WHY YOU KNOW HER: She caused an early New Year’s Day wreck in Short Pump that killed a local bartender.

WHAT’S NEW: She’s serving a one-year sentence

Sarah Ann Haislip could have become a household name in the Richmond area last year for her soccer skills and academics.

Instead, the Deep Run High School student, just 16, became a one-person warning poster for the consequences of drinking and driving. Some Web sites even included images of her with beer in hand.

Haislip was westbound and driving alone just after midnight Jan. 1 when her car ran a red light and broadsided a vehicle driven by Wesley Hunter Taylor, a bartender at a nearby restaurant. Taylor had been drinking as well, but his condition was not considered a factor in the fatal collision.

He died in front of Short Pump Town Center. Haislip later was convicted of involuntary manslaughter and underage alcohol possession.

She is serving a one-year sentence, part of it in a juvenile-detention facility and the remainder in jail.

Haislip called her actions “childish and stupid,” and she apologized for not realizing the consequences of her acts.

Money raised in Taylor’s memory has gone to dig wells in Africa.

Since the Richmond Times-Dispatch is hard pressed to find heroes I decided to provide a few links:

Deputy Sheriff Jason E. Mooney of the Stafford County Sheriff’s Office, volunteer firefighter, and Marine – Killed in an automobile accident while responding to an accident on I-95.

Deputy Sheriff Jason Lee Saunders of the Campbell County Sheriff’s Office – Killed in an automobile accident while in pursuit of a suspected drunk driver.

First Lieutenant Benjamin Hall, an United States Army Ranger, and fifth generation soldier, was killed in action in Afghanistan. Originally from Woodbridge, his family lives in Fredericksburg.

Stryker, a police canine with the Maryland-National Capital Park and Planning Commission (M-NCPPC), helped to search for survivors at The Pentagon after the September 11, 2001 terrorist attacks. He also had a 113 drug arrests (worth $159,923) to his credit. He was euthanized on July 30, 2007.

Marlo David McQuillar, whose information helped to put two cocaine dealers away for 10 and 15 years.

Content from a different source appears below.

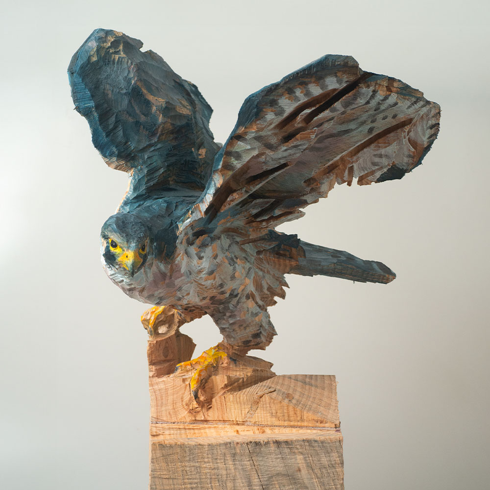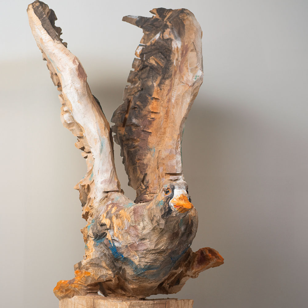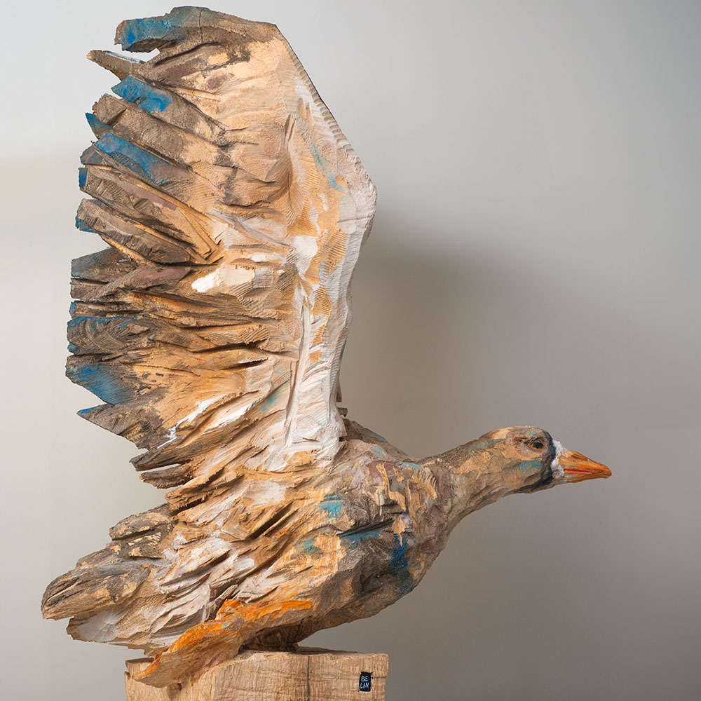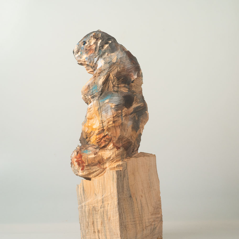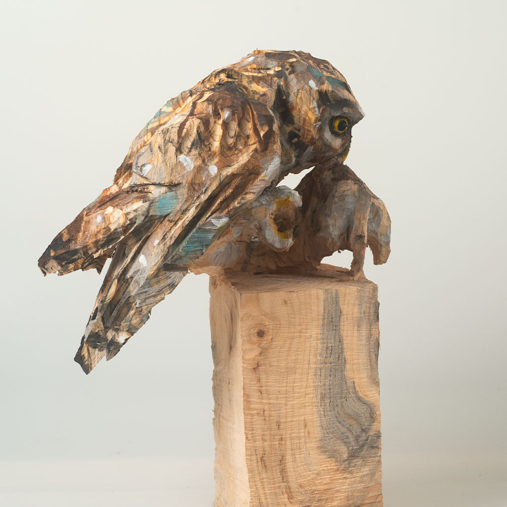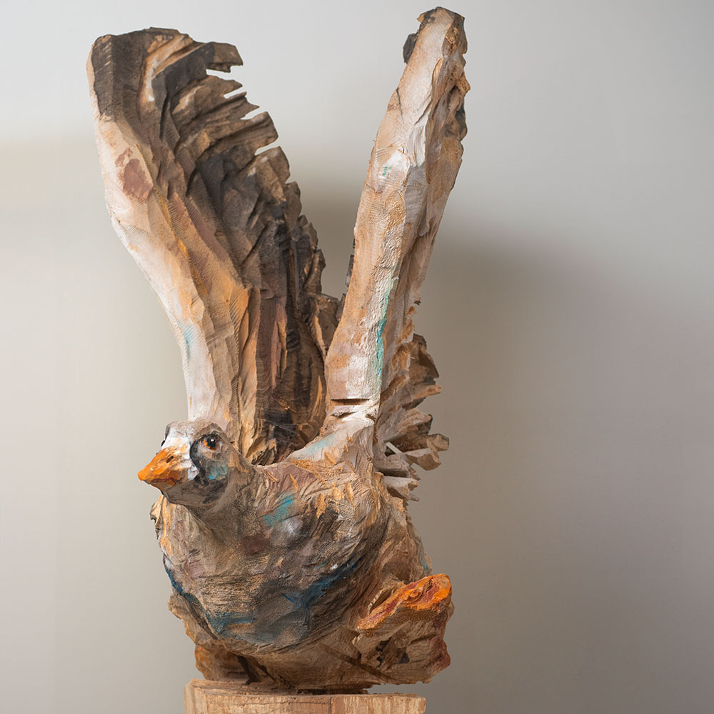 Passionné par la faune depuis toujours, je me suis lancé le défi de sculpter les animaux qui m’entourent, avec l’envie de montrer qu’ils sont tous extraordinaires, même ceux que l’on ne remarque plus. C’est une véritable reconnexion avec mes valeurs et mon environnement. Chaque sculpture est taillée dans un seul bloc de bois. La tronçonneuse, pour moi, est un outil qui permet de capturer l’essentiel, sans s’enliser dans les détails. Cette technique laisse la matière brute, donnant une place à l’imaginaire. Avec mon approche de la peinture, j’utilise des pigments naturels des Ocres du Roussillon pour faire ressortir la vie.

He was killed in Fredericksburg on July 27, 2007. “He told a judge in October [of 2006] that he had seen the error of his ways and was looking forward to raising his son as a law-abiding citizen. ‘I refuse to let my son go down the same path of negativity that I went down,’ he said at the time.”

Farooq Anwar, originally from Pakistan, was killed while working at his store in Chesterfield. Both his children attend the University of Virginia. American Dream, anyone?

Chief Brad Thomas and Captain Eric Chenault of the Bowling Green Volunteer Fire Department, both of which were seriously burned while fighting a fire on February 18, 2007. They were forced to jump from the second story of a building to escape the flames.